• [Directions for this task]: Print exactly what appears from the line containing "В статье раскрываются" through the final line of the data below, pictures excluded.

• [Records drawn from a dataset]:
--- START ---
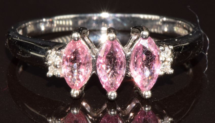 An 18k white gold ring set with three marquise cut Padparadscha sapphires and diamonds, size N/O
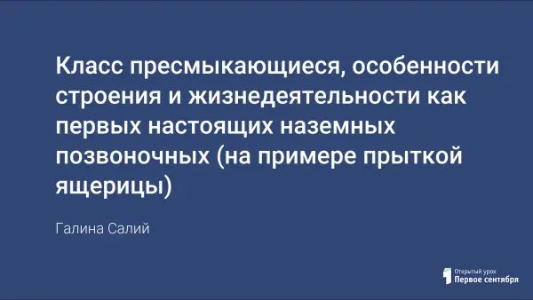 В статье раскрываются особенности строения и жизнедеятельности пресмыкающихся как первых настоящих наземных позвоночных, их происхождение.
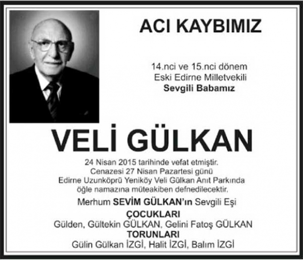 1969-1973 yılları arasında Adalet Partisi Milletvekili olarak mecliste görev yapan Uzunköprü Yeniköy'lü Veli Gülkan Cumartesi günü tedavi gördüğü hastanede hayatını kaybetti. Tam bir Edirne Sevdalısı olan Merhum, Milletvekili Veli Gülkan'ın cenaze töreni Yeniköy'de 27 Nisan 2015 Pazartesi günü (Bugün) Öğle namazına müteakip defnedildi.
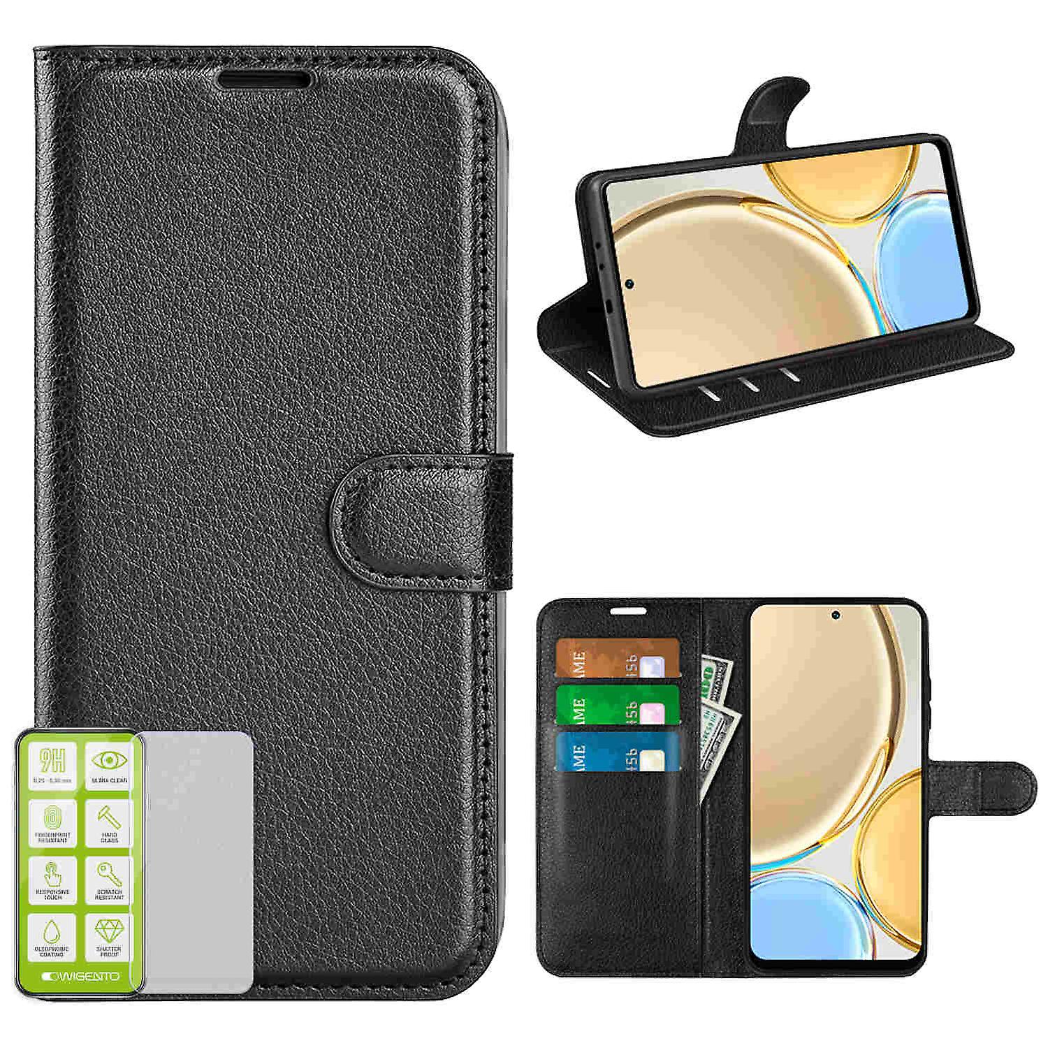 Für Honor X7b Kunst-Leder Book Wallet Handy Tasche Schwarz + Hart Glas
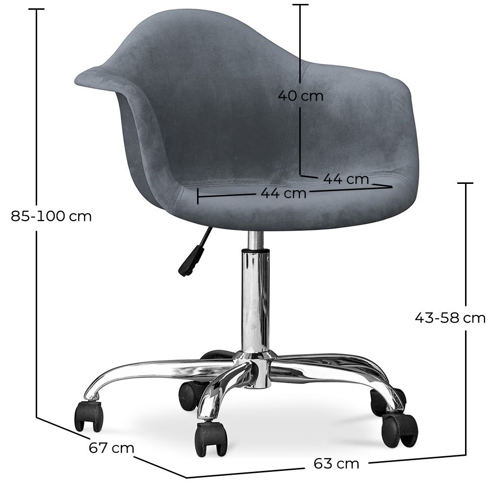 Graziosa e comodissima sedia da ufficio ergonomica e imbottita, con rivestimento fatto in velluto di altissima qualità. Non è solo un bel complemento d'arredo per lo studio o l'ufficio, ma è anche funzionale. Vi consente di ruotare e di spostarvi senza alzarvi.
--- END ---
• [Reply]:
 В статье раскрываются особенности строения и жизнедеятельности пресмыкающихся как первых настоящих наземных позвоночных, их происхождение.
 1969-1973 yılları arasında Adalet Partisi Milletvekili olarak mecliste görev yapan Uzunköprü Yeniköy'lü Veli Gülkan Cumartesi günü tedavi gördüğü hastanede hayatını kaybetti. Tam bir Edirne Sevdalısı olan Merhum, Milletvekili Veli Gülkan'ın cenaze töreni Yeniköy'de 27 Nisan 2015 Pazartesi günü (Bugün) Öğle namazına müteakip defnedildi.
 Für Honor X7b Kunst-Leder Book Wallet Handy Tasche Schwarz + Hart Glas
 Graziosa e comodissima sedia da ufficio ergonomica e imbottita, con rivestimento fatto in velluto di altissima qualità. Non è solo un bel complemento d'arredo per lo studio o l'ufficio, ma è anche funzionale. Vi consente di ruotare e di spostarvi senza alzarvi.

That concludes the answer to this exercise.